Ma vediamo di conoscere un po’ più da vicino l’influenza dei suini e i suoi rapporti con quella dell’uomo. Il responsabile è un virus della famiglia degli Orthomyxoviridae che fra le sue caratteristiche annovera la capacità di un riassortimento genetico frequente. Tre i tipi di influenza identificati con le lettere A, B e C in funzione della loro capacità di colpire l’uomo e altre specie. Il tipo A si ritrova nell’uomo, nel suino, negli equini e nei volatili, il tipo B colpisce solo l’uomo e il C ha affinità sia per l’uomo, sia per il suino. Esiste poi una vasta serie di sottotipi che si differenziano per la natura dell’emoagglutinina e della neuroaminidasi identificate rispettivamente con le sigle H ed N seguite da un numero. Il tipo A è quello che riscontra con maggiore frequenza nell’uomo e nel suino e per l’allarme partito dal Messico il sottotipo evidenziato è l’H1N1, che è anche quello di più frequente riscontro quando si hanno casi di influenza suina. Classiche le sue manifestazioni cliniche, con rialzo termico, rinite, congiuntivite, sintomi però generici e la diagnosi corretta richiede l’intervento del laboratorio.
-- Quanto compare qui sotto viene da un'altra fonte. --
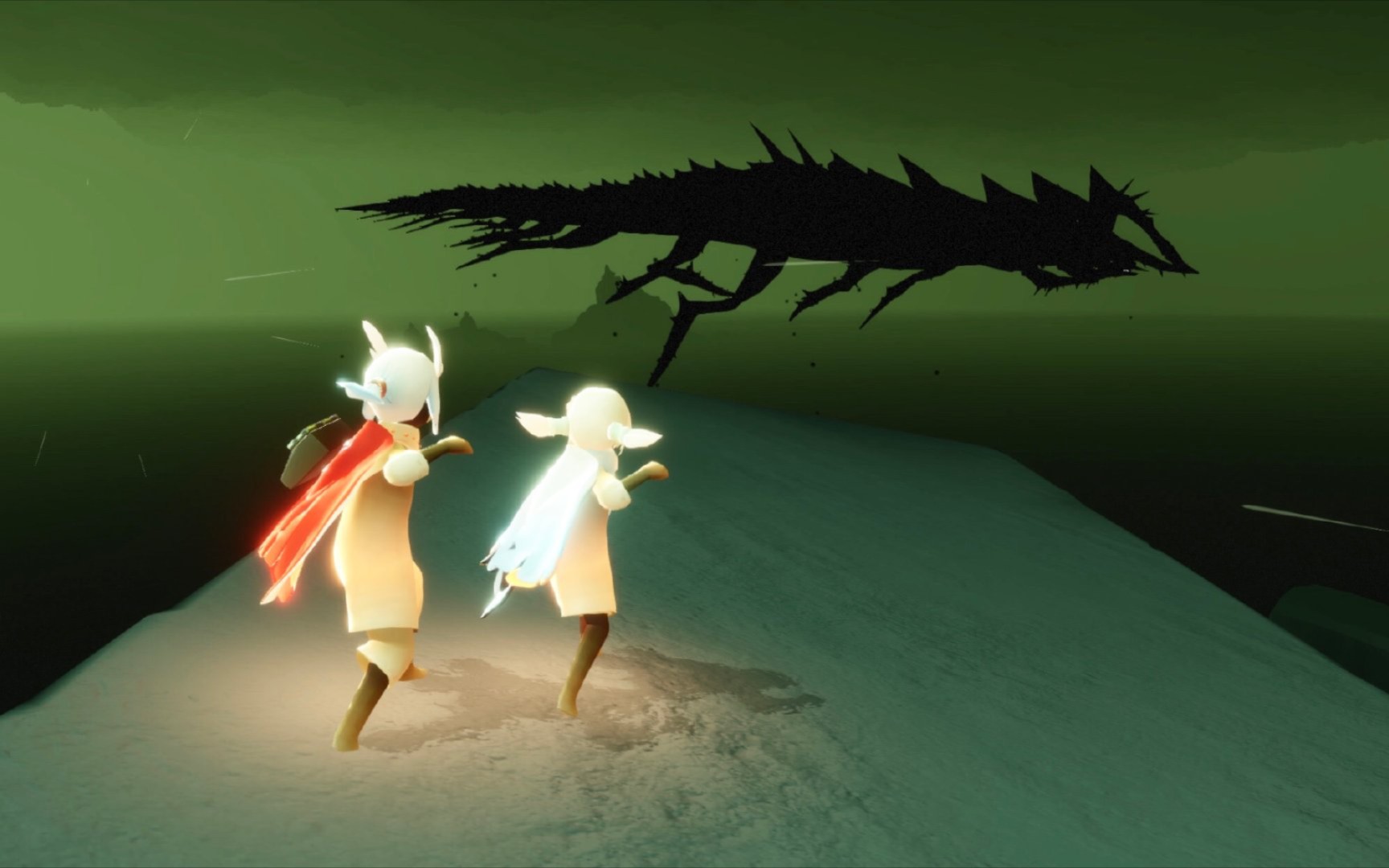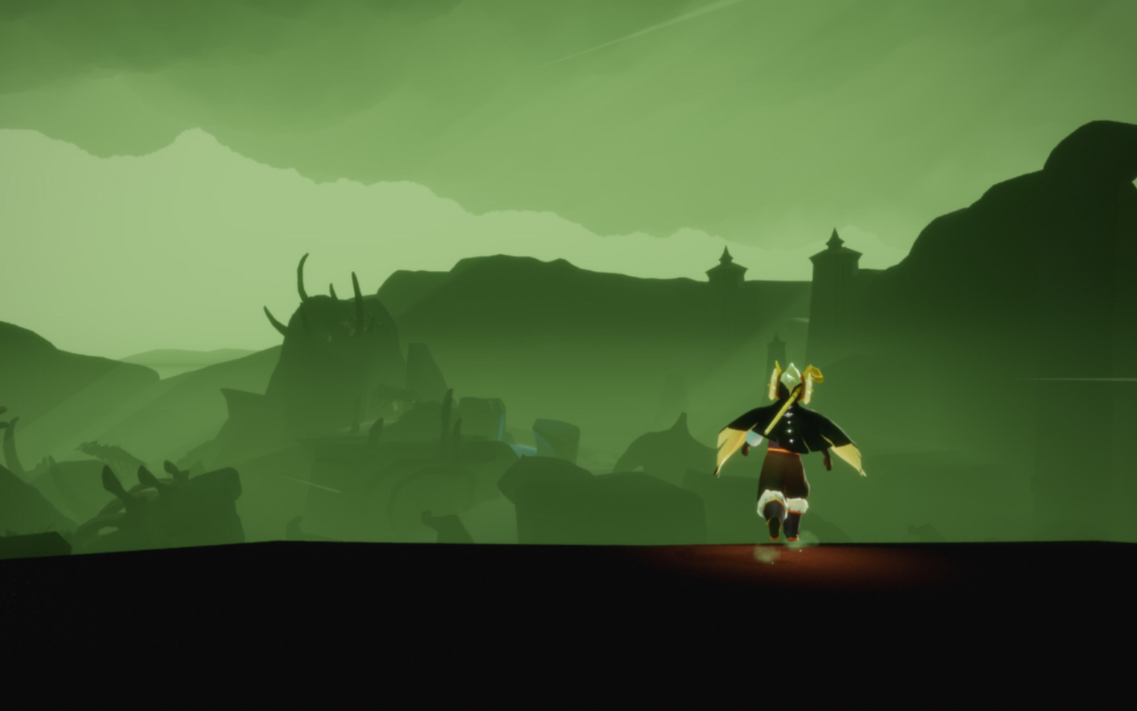首先从遇境进入霞谷大厅,在大厅右侧找到通往圆梦村的洞口,穿过屏障后顺着滑道向下滑行,滑行途中注意观察左侧建筑群,抵达圆梦村后,沿着溜冰场右侧的道路前行,谦逊舞者先祖就位于右侧房屋后方的位置,靠近后会出现蓝色星星标识,未收集过先祖的玩家需先完成回忆收集,点燃先祖虚影并跟随光影路径收集记忆碎片,直至左侧进度条填满,完成先祖解锁后才能正常触发拜访任务。

Il contagio fra gli animali avviene per solito con il contatto diretto e l’ingresso del virus in allevamento è per lo più legato alla movimentazione degli animali, come avviene per molte altre patologie. Anche per questo gli allevatori italiani sono avvezzi a prestare grande attenzione sia all’arrivo di nuovi soggetti, sia all'ingresso di persone e mezzi che potrebbero veicolare questa od altre malattie. Queste misure di biosicurezza sono sufficienti ad evitare la malattia in condizioni di normalità. In caso di emergenze la strada della vaccinazione è aperta.

 

Inutile allarmismo

Le ottime condizioni samitarie dei nostri allevamenti invitano a non fare allarmismo, tanto più che la trasmissione della malattia non avviene attraverso le carni di suino, ma semmai da uomo a uomo dopo l’adattamento del virus a quest’ultimo. Vale la pena ricordare che già nel 1976 negli Usa venne segnalato un caso di malattia nell’uomo (ad esito infausto) con un sottotipo H1N1 presente anche nei suini, al quale fecero seguito infezioni in almeno 500 persone che però superarono senza conseguenze l’infezione. Potremmo essere di fronte ad una situazione analoga e se dunque è opportuno prestare attenzione, è fuor di luogo lanciare allarmi ingiustificati. Da parte del ministero della Salute arriva peraltro la rassicurazione che l’Italia dispone di un piano concordato con gli altri Paesi della Ue per far fronte ad una eventuale pandemia influenzale.

 

La parola ai produttori

Nessun motivo dunque per dubitare delle carni suine, specie se di provenienza italiana, come evidenzia il presidente dei suinicoltori italiani (Anas), Giandomenico Gusmaroli, che giusto una settimana fa, dal podio della Rassegna suinicola di Reggio Emilia aveva invitato a valorizzare il Made in Italy in campo alimentare e suinicolo in particolare. “Dal Messico – ha dichiarato Gusmaroli – arriva l’ennesima dimostrazione di come le nostre richieste siano prioritarie e nell’interesse di tutti”.

Sulla qualità delle produzioni italiane interviene anche la Cia che ricorda come nel nostro Paese ci siano rigidi e rigorosi controlli che permettono di individuare immediatamente qualsiasi tipo di infezione, mentre gli allevatori hanno compiuto notevoli investimenti sul fronte qualitativo che garantiscono la massima sicurezza animale e alimentare. Sulla stessa lunghezza anche Confagricoltura che sottolinea come oltre ai controlli anche l’assenza di importazioni di suini dalle aree del centro America sia un ulteriore elemento di rassicurazione.